:: INFORMATION PROVIDED ::
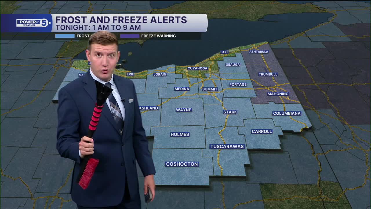 Another upgrade is for interior Ashtabula County, where a Freeze Warning has been issued for the same timeframe. Low temperatures south of I-90 may dip to the freezing mark, 32 degrees.
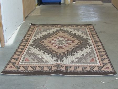 Ca. 1980s, Beautiful pastel earthtone raised fine weave rug with classic design. Very good condition. 32" x 53"
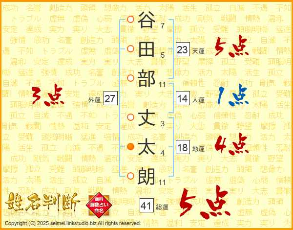 谷(7画)田(5画)部(11画) 丈(3画)太(4画)朗(11画)

:: REQUIREMENT ::
What is needed is an exact restatement of the lines from the line with "Ca. 1980s, Beautiful" through the final line of the data, pictures excluded.

:: ANSWER AREA ::
 Ca. 1980s, Beautiful pastel earthtone raised fine weave rug with classic design. Very good condition. 32" x 53"
 谷(7画)田(5画)部(11画) 丈(3画)太(4画)朗(11画)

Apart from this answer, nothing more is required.